The Scarlet Pimpernel by Baroness Emmuska Orczy. I have no idea why this book isn’t more widely known. It feels very much like an early version of Batman (minus the wonderful toys), with the hero passing himself off as a useless fop in order to help those in anonymity. It’s a blast to read! Plus, saying you’re reading a book written by a Baroness is just awesome.
The Picture of Dorian Gray by Oscar Wilde. I love this book! It’s so nuanced, with a delightfully creepy feel to it. It’s incredibly well-written and surprisingly short. It’s easily read in a day, which is a good thing, because it’s hard to put down.
Beowulf translated by Seamus Heaney. If you’ve read much of my blog, you’re probably aware that I love all things fantastical. This carries over to classics. I love this epic poem so, so much! If you read this and enjoy it, I suggest watching The 13th Warrior, which is a movie adaptation of Eaters of the Dead by Michael Crichton, a book that is partially based on Beowulf.
Alice in Wonderland, and Alice, Through The Looking-Glass by Lewis Carroll. Okay, I might be stretching by putting this in the “classics” category. I’ve seen it discounted as a classic, but others say firmly that it is. I’m in the latter group. The delightful nonsense in this book is anything but nonsense. I’m not going to go into the whole “this means ___” of the book because that’s for the reader to decide on their own. I just find it absolutely fantastic.
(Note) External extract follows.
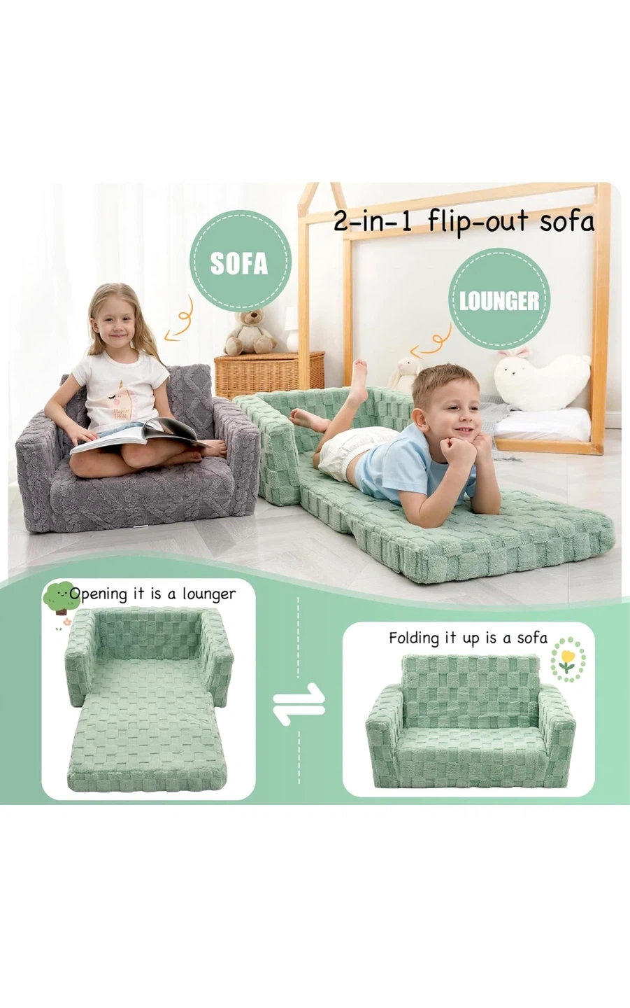 2-in-1 Flip-Out Sofa Lounger for Kids

Frankenstein by Mary Shelley. First of all, Frankenstein isn’t the monster! Except that he is. You can tell that pseudo-joke at parties and your friends will probably roll their eyes, just like I’m sure you did just now. This book is a little bit heartbreaking, but so well-written.
The Complete Sherlock Holmes by Sir Arthur Conan Doyle. I think this is another one of those books that some people argue isn’t a classic. Regardless on where you stand on this very important issue (ha!), these mysteries are bloody brilliant. I’ve reread them more times than I can count.
So, what about you? What classics have you found to be classically cool? Which ones do you hate? Let’s talk!